Since getting coverage on CNN, NBC, and Dailycandy.com,
their online sales (dcduby.com) have taken off. (They
sell locally at Edible B.C. on Granville Island, Barbara-Jo’s
Books for Cooks and, seasonally, at Whole Foods.)They’ve
done a book, Wild Sweets, about wine and dessert pairings.
Their presentations at industry events such as the Masters
of Food & Wine in Carmel, and the South Beach Wine
& Food Festival in Florida, add to their renown.
How many hours a day do they work?
Cindy, as reserved as Dominique is garrulous: “Right
now, about 14.”
Dominique: “We’re busy, but it’s fun.”
Cindy: “Mostly fun.”
“Do you have children?”
Dominique: “No.”
“Do you have pets?”
Cindy: “No.”
“Why do you do this?”
Dominique: “Because we’re crazy.”
“Do you eat your own chocolates?”
Dominique: “Only taste. In the morning. Before
toothpaste, before coffee, before fat clogs the tastebuds.
Sometimes I eat a Purdy’s peanut butter bar. It’s
very nice—when you add salt to a bitter component
like chocolate, it gives the perception of sweetness.
They do it really well.”
Besides launching their new Origins collection this
month—this group includes a separate textural
element to go along with the chocolates—they’re
hunting money for a PBS series (Kitchen Myth and Magic).
They’re at UBC two days a week, working with Food
Science students on two projects: creating a drink that’s
both hot and cold (“Grip the bottom of the glass
and it feels cold; take a sip and it’s hot”),
and a highly unusual ice cream (“with the look
and consistency of ice cream, but hot. It melts as it
cools”). And, as always, they’re investigating
new combinations of flavours, scents and textures.

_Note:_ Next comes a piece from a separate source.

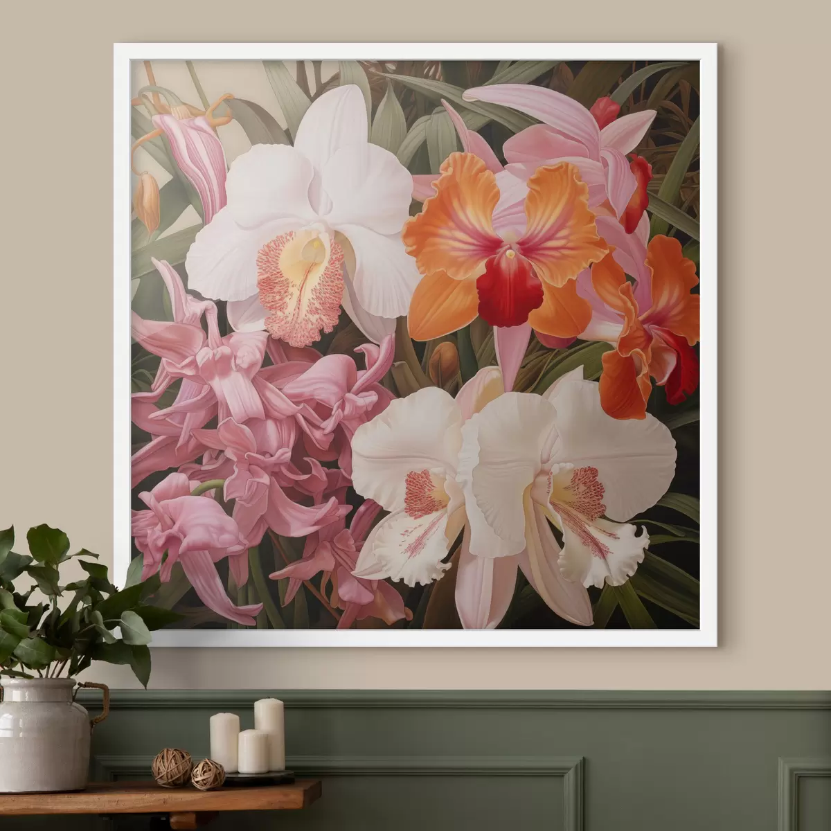 Poster Bouquet de fleurs tropicales, avec des orchidées et du feuillage vert en arrière-plan f48385
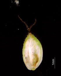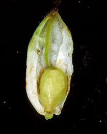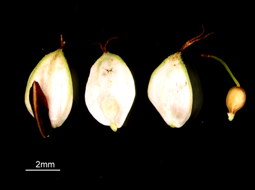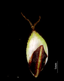果胞と鱗片 果胞、脈は不明瞭 果胞、稜上に刺毛

You might say the Dubys, like Willy Wonka, are confectionary
geniuses obsessed with chocolate. You might say they’re
mad scientists whose experiments in molecular gastronomy
have taken cocoa beans to new heights. You might say
that they’re artists whose studio is a laboratory
and whose medium is chocolate. You might also say they’re
canny marketers who’ve neatly carved out their
own niche in a crowded market.
Or you might simply bite into one of their sublime creations,
close your eyes, and let it speak for itself.